Town of ancient Caria and Ionia

Heraclea at Latmus or Heraclea under Latmus (Ἡράκλεια πρὸς Λάτμῳ or Ἡράκλεια ὑπὸ Λάτμῳ; Heraclea ad Latmum), or simply Heraclea or Herakleia (Ἡράκλεια), also transliterated as Heracleia, was an ancient town situated at the western foot of Mount Latmus, on the border between Caria and Ionia in southwestern Asia Minor (modern Turkey). The site, now occupied by the modern village of Kapıkırı, stands on the shore of Lake Bafa, which in antiquity was part of the Gulf of Latmus before it was silted up by deposits from the river Maeander.
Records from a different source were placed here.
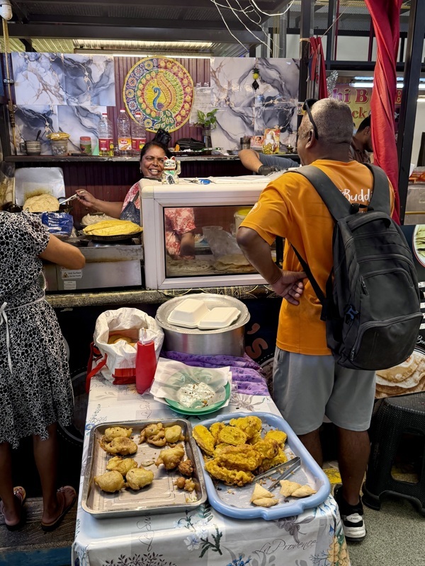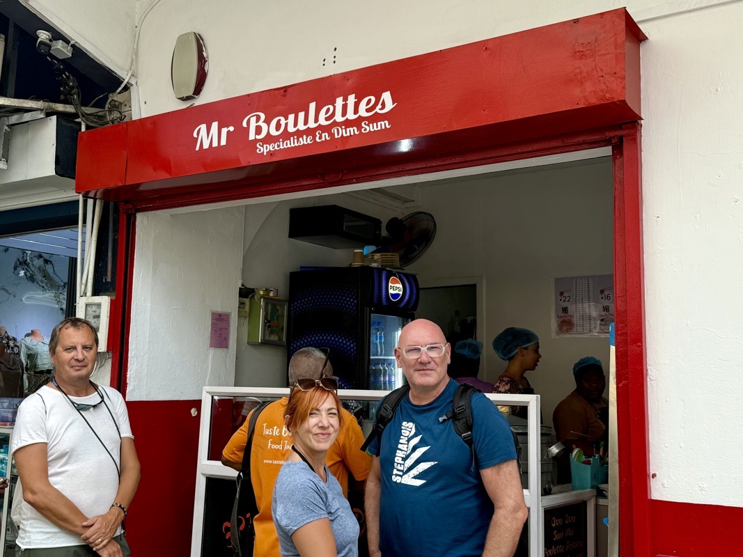 Aujourd’hui était consacré à la découverte de la capitale, Port Louis. À 10h30, nous retrouvons notre guide (et son fils qui est en vacances scolaires) pour un Street Food Tour qui s’annonce haut en saveurs.
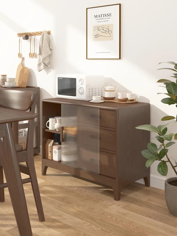 Modern Minimalist Solid Wood Sideboard - Stylish Storage Cabinet for Living Room, Kitchen & Dining; Perfect for Organizing Tea, Dishes, and More!
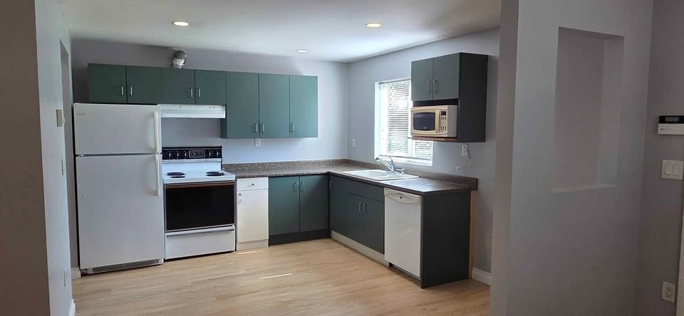 The unfurnished unit includes a spacious kitchen and in-suite laundry machines.
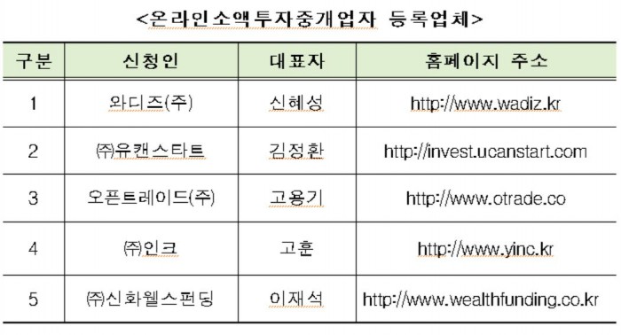 25일 금융위에 따르면 온라인소액투자중개업체로 등록된 업체는 5군데로 와디즈·오픈트레이드·인크·유캔스타트·신화웰스펀딩 등이다.
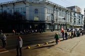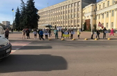 Кілька десятків людей прийшли з плакатами до міської ради, щоб нагадати про загиблих бійців та загальнонаціональну хвилину мовчання о 9:00.

Substantial remains of the city and its fortifications still survive.

== History ==

The city, which was known as Latmos during the Archaic and Classical periods, was originally located approximately 1 km east of the later city of Herakleia, where a smaller set of fortifications and remains of houses and other buildings have been found, together with pottery of the 6th and 5th centuries BC. During the 5th century BC Latmos was a member of the Delian League, with a tribute assessment of one talent. The city was conquered by Mausollos in the 4th century BC, and at some point thereafter, probably in the late 4th or early 3rd century BC, a new city was laid out on the site further west and renamed Herakleia. Stephanus of Byzantium records that it was also briefly known as Pleistarcheia, after Pleistarchos, the son of Antipater and brother of Cassander, who ruled Caria for several years following the battle of Ipsos in 301 BC.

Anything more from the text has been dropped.